#### [What is required]
What you return should be the lines from the one with "Askılı ve kolsuz, drapeli" through the one with "从基金规模来看,平安策略回报" in the data below, reproduced exactly with both ends, and no pictures at all.
(Exercise inputs)
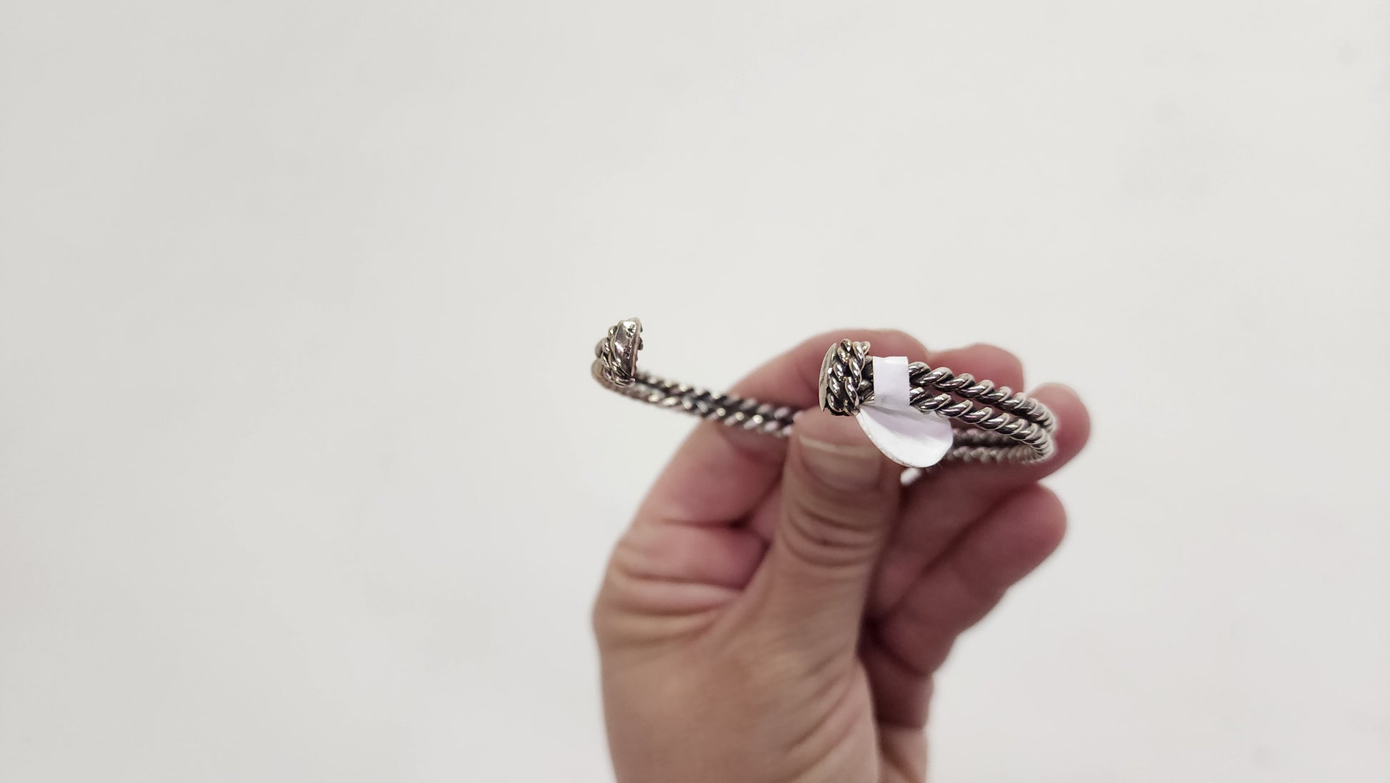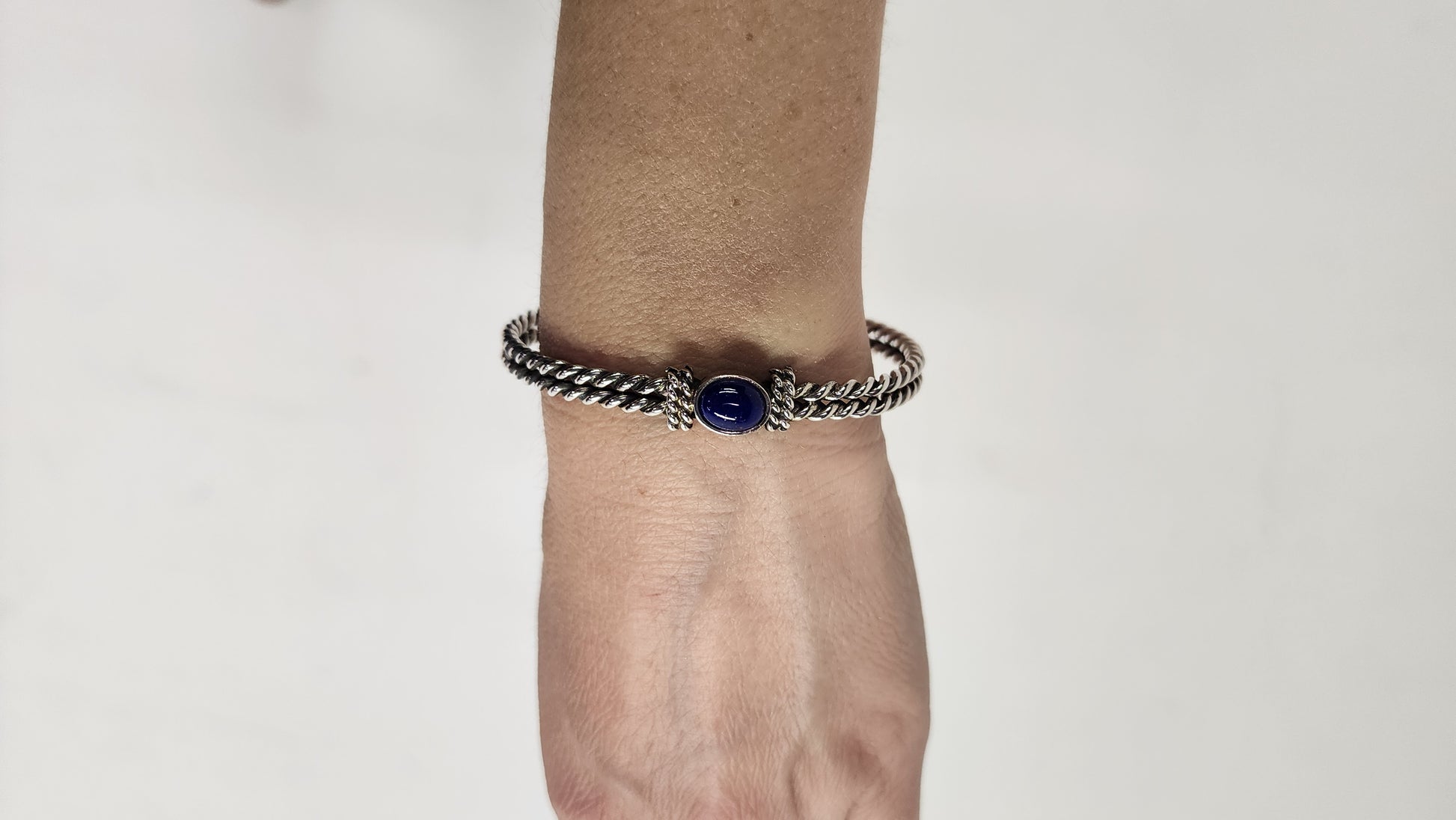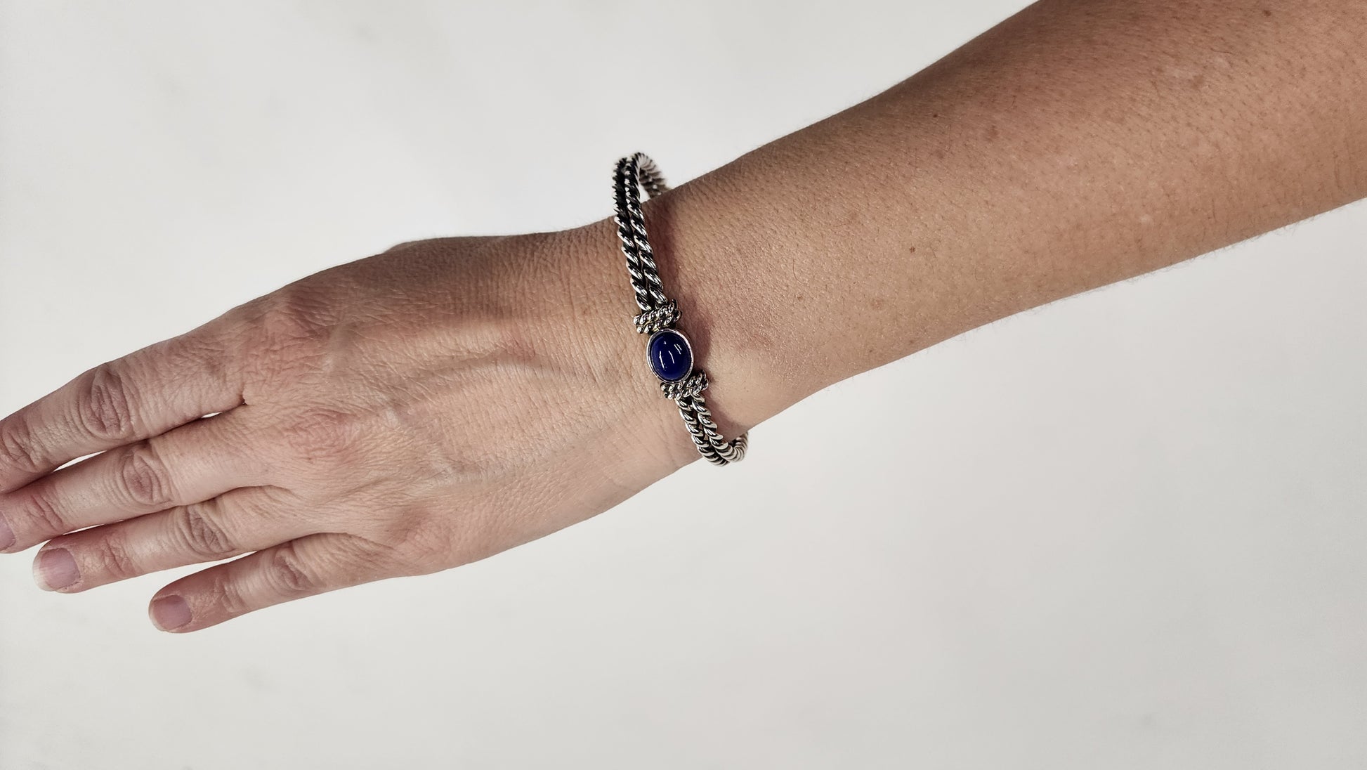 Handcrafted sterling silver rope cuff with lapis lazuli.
(End Exercise inputs)
(Exercise inputs)
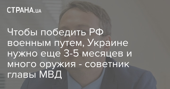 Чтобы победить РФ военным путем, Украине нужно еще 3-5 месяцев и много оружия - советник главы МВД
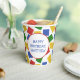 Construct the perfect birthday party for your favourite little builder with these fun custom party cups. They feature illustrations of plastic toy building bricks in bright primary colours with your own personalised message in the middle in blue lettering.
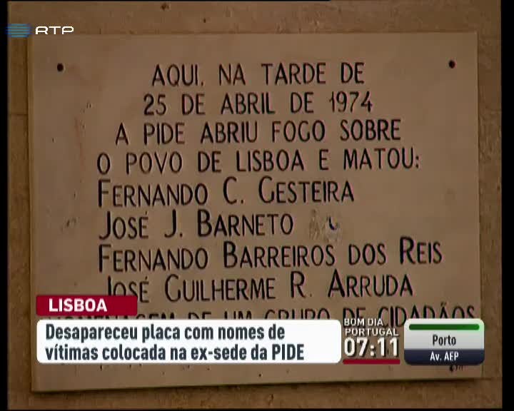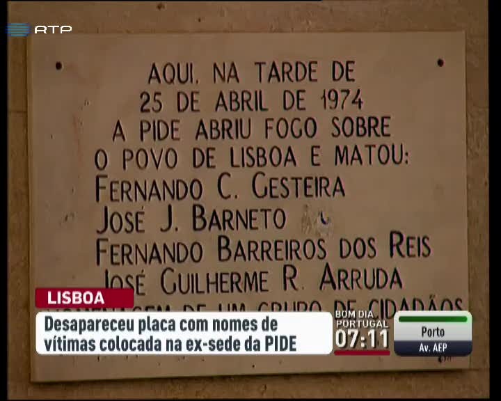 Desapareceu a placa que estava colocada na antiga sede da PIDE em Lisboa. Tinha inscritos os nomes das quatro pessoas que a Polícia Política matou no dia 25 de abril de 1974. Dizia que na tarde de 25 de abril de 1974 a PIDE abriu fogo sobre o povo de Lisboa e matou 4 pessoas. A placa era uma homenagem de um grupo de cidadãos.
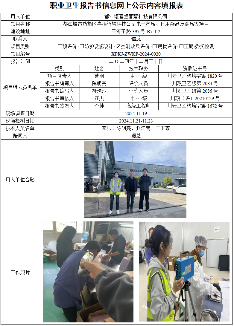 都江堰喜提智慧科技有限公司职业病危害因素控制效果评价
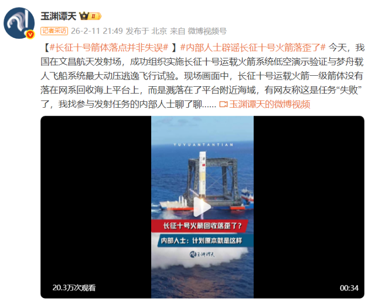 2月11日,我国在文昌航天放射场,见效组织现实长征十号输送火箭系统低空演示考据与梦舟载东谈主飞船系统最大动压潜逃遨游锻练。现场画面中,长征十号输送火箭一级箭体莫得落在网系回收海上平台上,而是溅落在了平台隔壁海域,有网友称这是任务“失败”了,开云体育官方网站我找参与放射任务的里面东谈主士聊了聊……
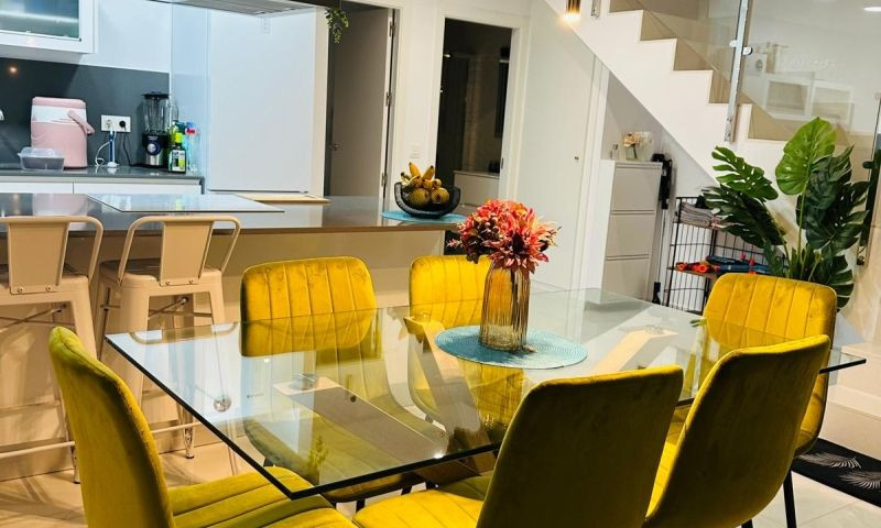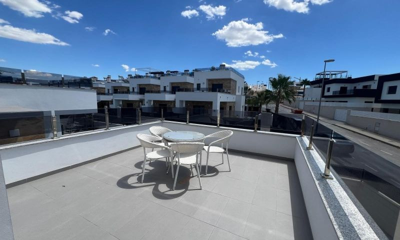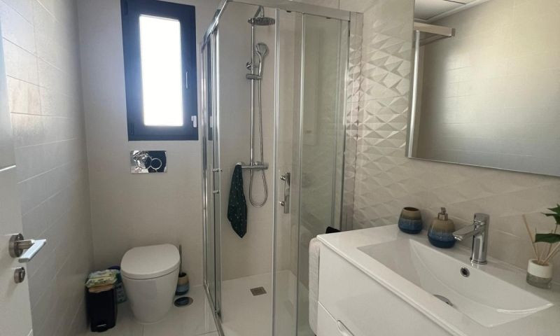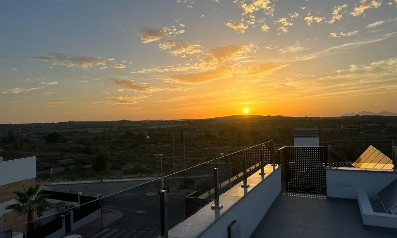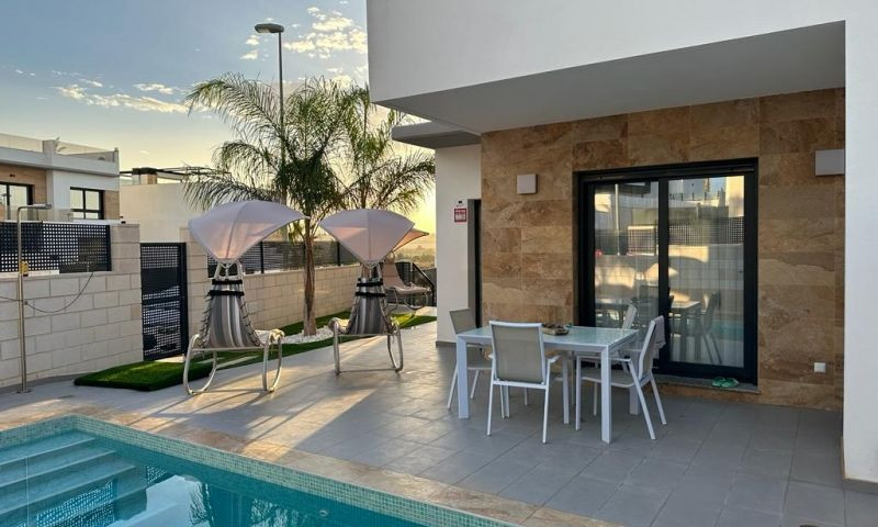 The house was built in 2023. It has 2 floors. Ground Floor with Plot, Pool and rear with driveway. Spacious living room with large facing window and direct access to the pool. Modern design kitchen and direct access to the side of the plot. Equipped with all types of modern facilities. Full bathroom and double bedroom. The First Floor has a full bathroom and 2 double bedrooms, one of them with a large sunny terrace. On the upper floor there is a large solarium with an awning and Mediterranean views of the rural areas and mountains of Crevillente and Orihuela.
(End Exercise inputs)
(Exercise inputs)
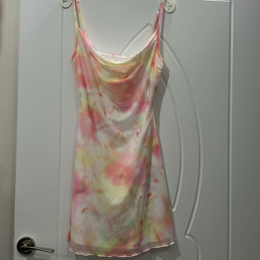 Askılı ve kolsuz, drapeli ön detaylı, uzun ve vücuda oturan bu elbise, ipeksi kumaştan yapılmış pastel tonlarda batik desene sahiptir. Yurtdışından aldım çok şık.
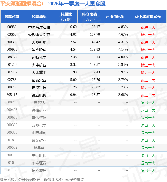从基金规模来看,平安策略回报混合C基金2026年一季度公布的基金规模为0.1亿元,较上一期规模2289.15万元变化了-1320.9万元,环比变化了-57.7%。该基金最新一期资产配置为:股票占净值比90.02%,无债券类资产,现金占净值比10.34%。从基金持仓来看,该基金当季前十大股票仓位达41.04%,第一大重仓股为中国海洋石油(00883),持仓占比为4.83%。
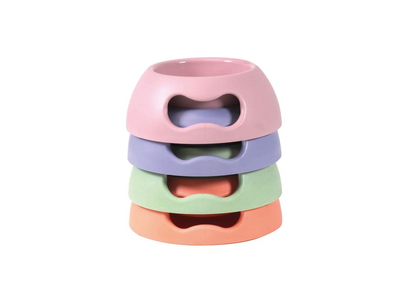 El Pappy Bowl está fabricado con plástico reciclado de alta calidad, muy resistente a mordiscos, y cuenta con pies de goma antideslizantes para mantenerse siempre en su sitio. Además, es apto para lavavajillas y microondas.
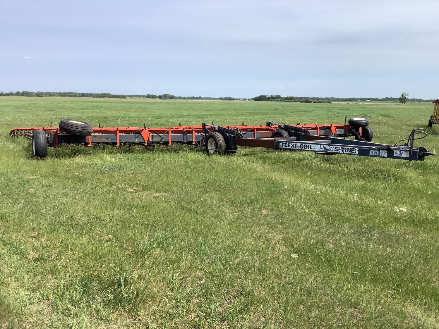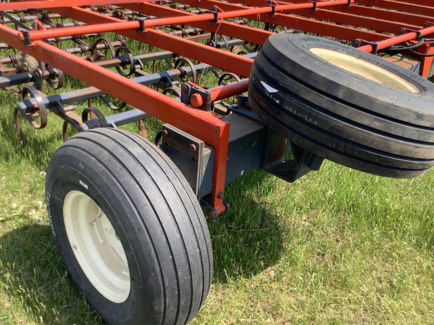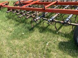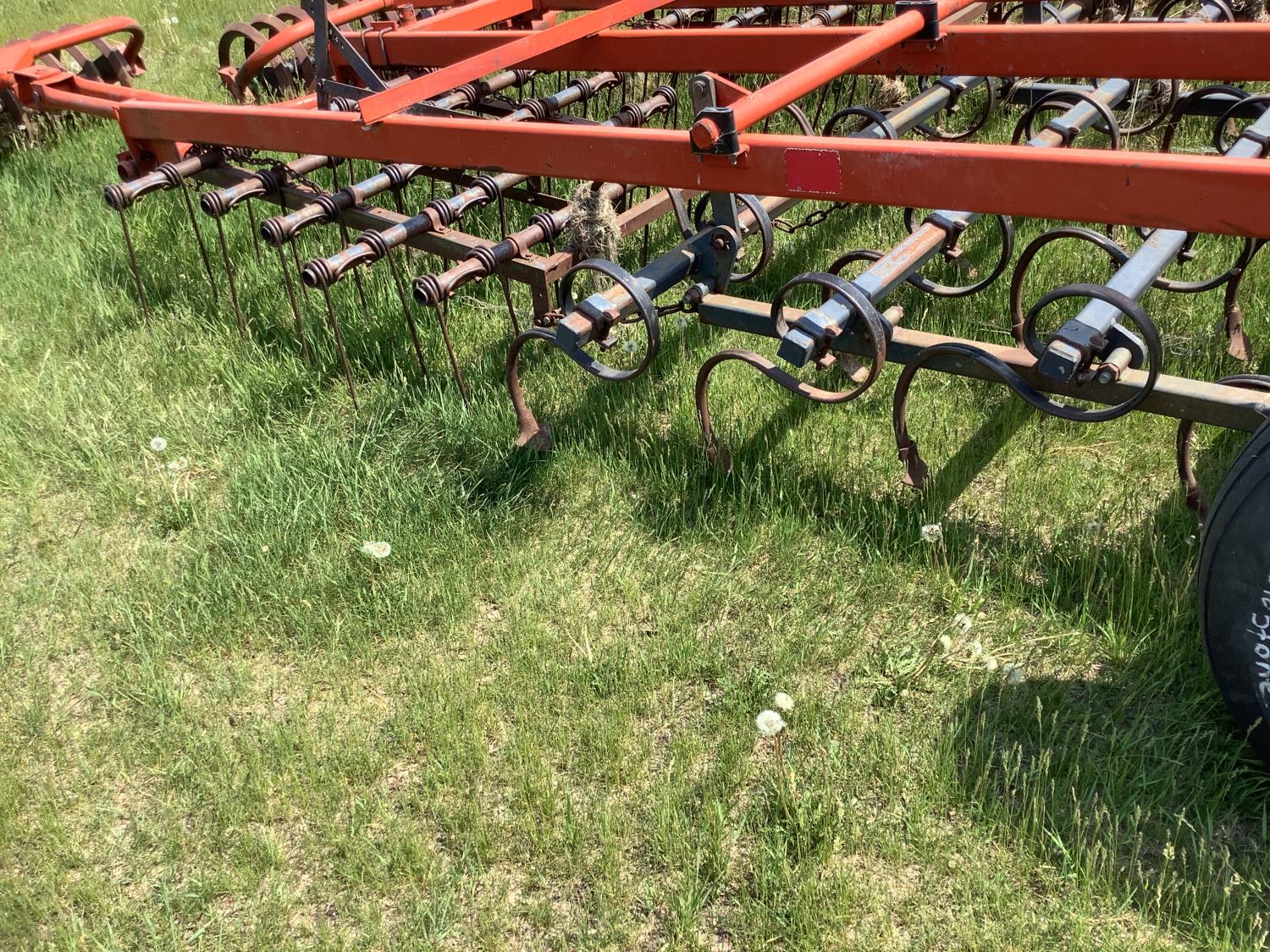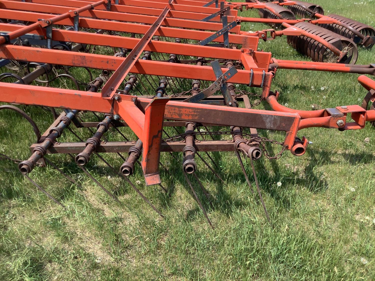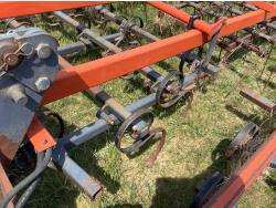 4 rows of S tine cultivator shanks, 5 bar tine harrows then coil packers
(End Exercise inputs)
#### [Your response]
 Askılı ve kolsuz, drapeli ön detaylı, uzun ve vücuda oturan bu elbise, ipeksi kumaştan yapılmış pastel tonlarda batik desene sahiptir. Yurtdışından aldım çok şık.
从基金规模来看,平安策略回报混合C基金2026年一季度公布的基金规模为0.1亿元,较上一期规模2289.15万元变化了-1320.9万元,环比变化了-57.7%。该基金最新一期资产配置为:股票占净值比90.02%,无债券类资产,现金占净值比10.34%。从基金持仓来看,该基金当季前十大股票仓位达41.04%,第一大重仓股为中国海洋石油(00883),持仓占比为4.83%。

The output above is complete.